> [What to do]
Retype, please, the listing from its opening line through the line that contains "Autores chilenos - Sandoval", both included, without the pictures.

> [Study material]
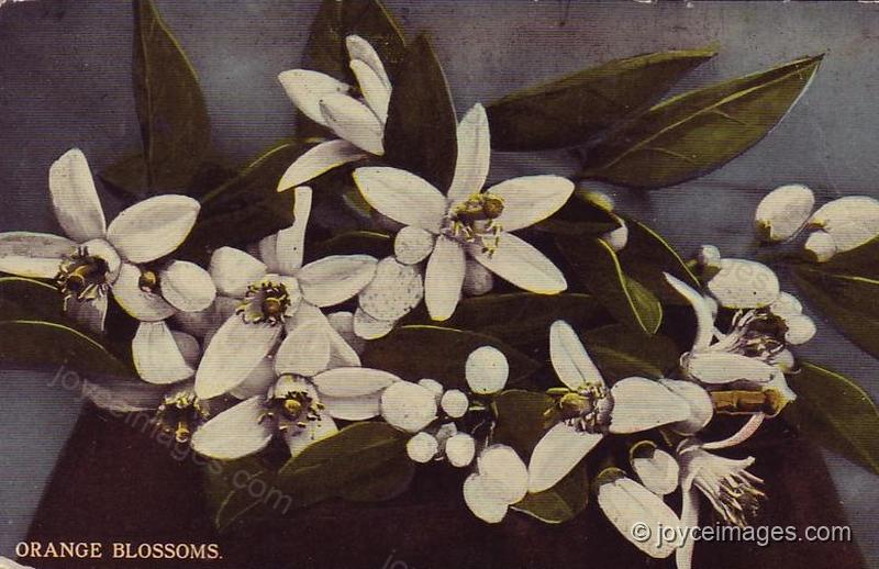 "with a wreath of faded orangeblossoms and a torn bridal veil,"
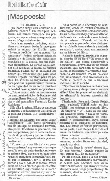 Autores chilenos - Sandoval Durán, Reinaldo - Durán Rodríguez, Fernando - Universo y yo - Navarro, Héctor - Mugronero - Oración de los siglos
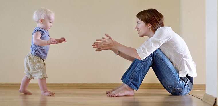 На начальном этапе обучения ходьбе разместите предметы поддержки в доступе к его траектории движения. Ходите за ним, чтобы быть «на подхвате». Не мешайте его тренировкам, он должен научиться удерживать вес тела, в этой работе участвует и мозг и даже внутренне ухо. Для закрепления первых навыков малышу могут быть полезны движение танца, помогите ему подвигаться под музыку. Хорошим упражнением станет перешагивание через маленькие препятствия, повороты в движении. Побуждающим мотивом к тренировкам ходьбы будет исследование дома. Пусть малыш будет ходить по маршруту от одной игрушки к другой.
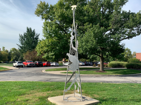 Near the west entrance of campus, next to the Fifth Third Bank, stands the bright yellow steel sculpture Sol y Sombra by Bernie Carreño. The sculpture was inspired by brilliant sunlight at a bullfight in Madrid, Spain. Carreño received his BFA and MFA in sculpture from the University of Wisconsin-Milwaukee. He is currently the head of the Sculpture Department at the Indianapolis Art Center. In addition to his role at the IAC, he is a working sculptor with numerous commissions and awards to his credit.
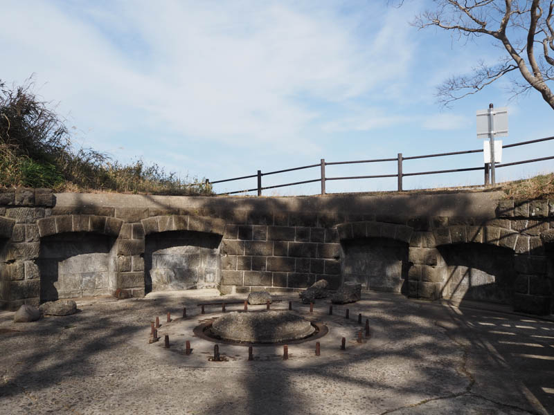 御所ヶ崎には走水低砲台の遺構があります。砲台の設置痕や建造物の内部を見学できます。手を叩くと音がよく反響して楽しいです。南の方を見遣ると、これから向かう観音崎を見渡せます。
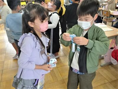 【2年生】2年生も新体力テストの測定に挑戦していました。シャトルランは、5年生が数えるのを手伝ってくれました。図工の「わっかでへんしん」では、上手な飾りをつけていてファッションショーのようでした。
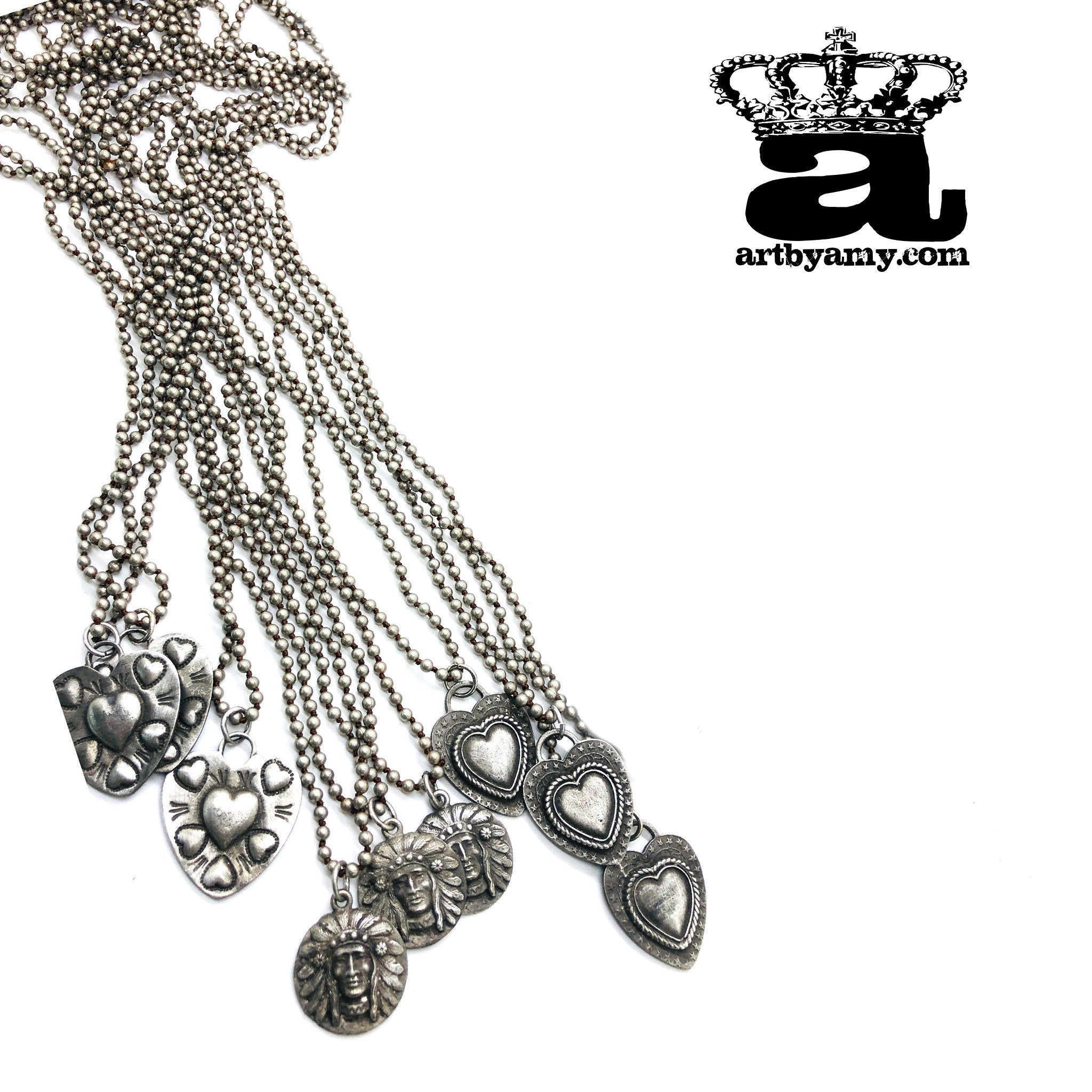 The Cast Away Love necklace is a fun simple every day necklace that can be looped and scarfed, doubled, knotted, or worn long. The cast charm is approx 1.25 -1.5 inches. Choose your heart (6 heart or single), or Indian head. Each are on a knotted small faux navajo metal bead necklace.
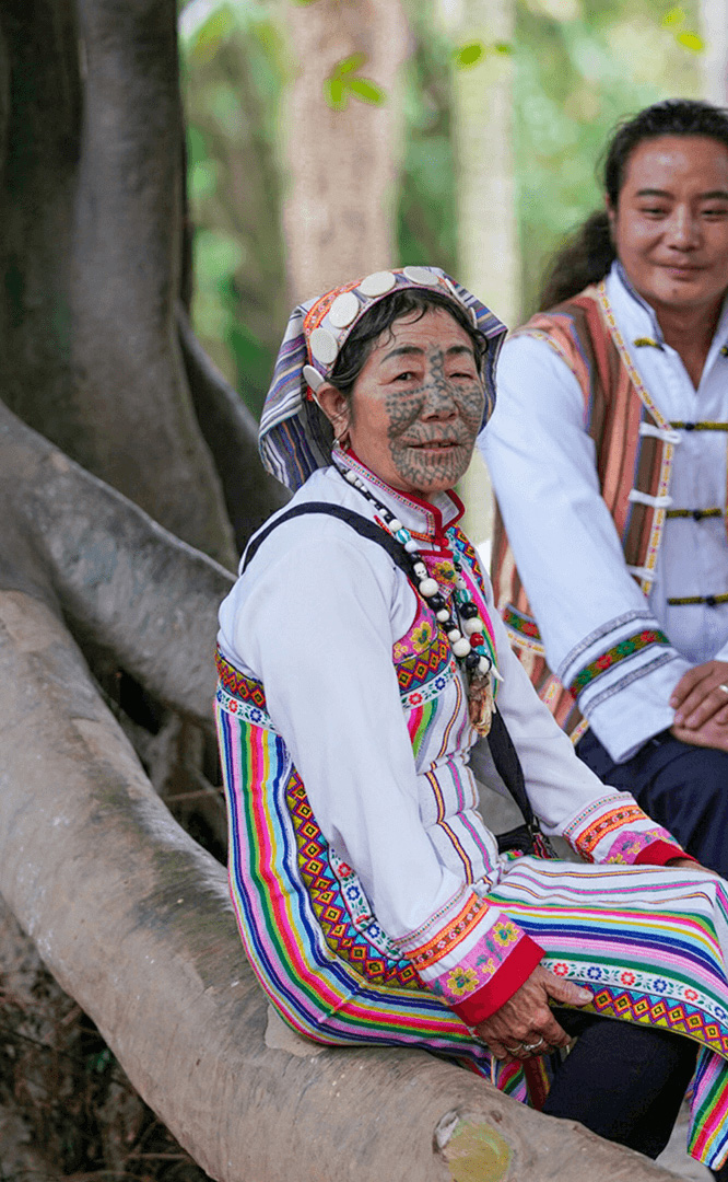 彝族在云南境內(nèi)約471萬人,是省內(nèi)人口最多、分布最廣的少數(shù)民族,主要聚居在金沙江、元江流域和哀牢山、無量山腹地。彝族是一個能歌善舞的民族,民間打歌、跳樂之風(fēng)盛行,大三弦、跌腳舞久負盛名。火把節(jié)是彝族最具特色的民族節(jié)日。彝族村占地50余畝,三虎浮雕墻與虎頭內(nèi)祖師形象表現(xiàn)了彝族虎鷹文化。太陽歷廣場圖騰柱上有太陽、虎、火和八卦圖形象,周圍環(huán)繞著10個朝向不同的月球造型,外圓周有12生肖石雕。依山而建的“...

> [Answer to this problem]
 "with a wreath of faded orangeblossoms and a torn bridal veil,"
 Autores chilenos - Sandoval Durán, Reinaldo - Durán Rodríguez, Fernando - Universo y yo - Navarro, Héctor - Mugronero - Oración de los siglos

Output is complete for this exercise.